1.2.3.Histograms of computation burst

Configuration file General/analysis/3dh_ufduration.cfg can be used to obtain a very detailed

WARNING: Applicable only if user function events available in the trace. Only functions instrumented appear in the table.

What you will see:  A table showing a histogram of the duration of the different CPU bust between successive events. Typically this will be between entry/exits of user functions and between these and the MPI calls. The histogram you will see corresponds to one specific user function. To change the user function, use the selector at the bottom right of the 2D window.

Some interpretation capabilities:

  • A histogram is the ultimate way to present the distribution of computation times. Even if it does not give a single scalar metric that reports the goodness or badness of the property it does easily give a detailed qualitative perception of the nature of the application. For each routine you expect to see vertical stripes (most probably several) representing that all threads take the same time in each computation phase within the routine. Load imbalance will show up as bent lines.



1.3.General Communication Performance

Message passing and global operations are a need to achieve the cooperation of the different processes in a parallel program, but frequently the first point to blame in case of poor performance. The following questions and descriptions should help an analyst to properly identify to what extent is the communication a real bottleneck for the application performance.

1.3.1.Is MPI taking a significant fraction of the time?

To identify potential problems due to communication and synchronization overhead use: mpi/analysis/mpi_stats.cfg.

What you will see:  A table with one row for each thread and one column for each MPI routine used by the program. The value indicates percentage of the time inside such MPI call. Additionally, column 0 (End) indicates the fraction of time in user level code. Dark blue indicates a high value, light green a low value. Changing the gradient scale representation may highlight differenced between processes (load imbalance reflected in MPI calls).

Some interpretation capabilities:

  • Large values in one MPI call may draw our attention to it. Before thinking of modifying the structure of the source code it might be interesting to further investigate the performance of the MPI calls in their various aspects: overhead per byte, end to end communication performance, ...

  • Variations across processes in column 0 probably indicate computational load imbalances.

  • If column 0 has values much larger than other columns and you are not interested in it, you might want to eliminate it (modify the Min box in the lower left corner of the window to 1). By fitting the color gradient you will now get a better feeling of relative difference between MPI calls and across processes.

Waits for message reception due to imbalances or externally caused delays (i.e. preemptions) that propagate through the communication dependence chain.
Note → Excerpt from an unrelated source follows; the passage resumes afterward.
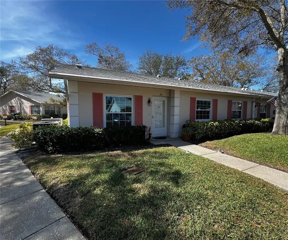 Welcome to Nelson Place- a highly sought after 55+ community in Clearwater that features ground floor villa style condos (with no upstairs neighbors), beautiful mature oak trees and landscaping, and is walkable to a Publix shopping center with a variety of stores. Enjoy the peace of mind being in a non-flood zone (Zone X)! This ground floor end unit has been meticulously maintained, and is highlighted by a wall of windows that bring in bright natural light throughout the entire condo. This villa has updated windows, a newer water heater, and boasts an open floor plan with two bedrooms and two bathrooms, a sunny Florida room, plus a back patio for enjoying the Florida weather or planting your favorite plants. The kitchen has an opening that is perfect for bar stool seating, plus space for a breakfast table. The living and dining room combo feature laminate flooring, a vaulted ceiling, and leads into the sunny Florida room at the rear of the condo. You also have a paver patio with space for seating, a grill, and your favorite plants. Both bedrooms have a window for natural light, and spacious walk in closets. The guest bathroom connects to the guest bedroom through a hallway that can be shut off from the main living space for a more private/ suite like feel, and the primary bedroom has a private attached bathroom with a walk-in shower. There is also an attic space for additional storage and a sturdy pull down ladder. Enjoy the little things, like a spacious inside laundry closet, covered parking just steps from your door, a heated and spacious pool with plenty of lounge chairs to enjoy the sunshine, and a smaller community with just 31 condos. Publix is a short walk around the corner plus shops, restaurants, nail salon, gym, etc. Eagle Lake Park is a short drive from the community, as well as Clearwater Beach and both Tampa and St Pete/ Clearwater airports. This central Pinellas location is the perfect home base for you as you enjoy the best of Tampa Bay with our award winning beaches, shopping, restaurants, and golf. Don't miss out on this wonderful condo! Please note: no dogs allowed, only one cat or bird.

Further uses of the configuration file:

  • By clicking on the open button by the control window name you will see the timeline with the actual sequence of MPI calls performed by the application. This can be directly loaded from mpi/views/MPI_calls.cfg.

Directions for further investigation:

  • Link to source code: Is all the problem in one routine? In many of them? Which one(s)? Use configuration file mpi/analysis/uf_fraction_of_MPI.cfg which is derived from the uf_profile. This cfg reports for each user function the fraction of time (between 0 and 1) it is inside MPI, not performing useful computation.

  • Point to point or collectives: Depending on the numbers obtained, you may wish to focus on point to point or collective calls. In the case of point to point, the first issue to look at is probably whether the ratio of time they take to amount of bytes they move is reasonable (section 1.4.1). It may also be interesting to check the transfer bandwidth and network utilization (section 1.4.2). A further evaluation of the collectives is described in section 1.5.2.

  • If you are very curious, you may be interested in analyzing hardware counter information within the MPI calls themselves. You should firts load your hardware counter metric of choice (i.e. Loads). Then modify in the above 2D window the statistics selector to your desired choice (i.e. Average value) and the data window selector to the just loaded hardware counter view. Finally click on the Repeat button and you will get the corresponding statistic for each MPI call (i.e. Average number of loads within each MPI call). WARNING: your trace must include hardware counter events on entry and exit of MPI calls (OMPItrace option -counters:mpi)



1.4.Point to Point Communication Performance



1.4.1.Are point to point MPI calls performing efficiently from a process point of view?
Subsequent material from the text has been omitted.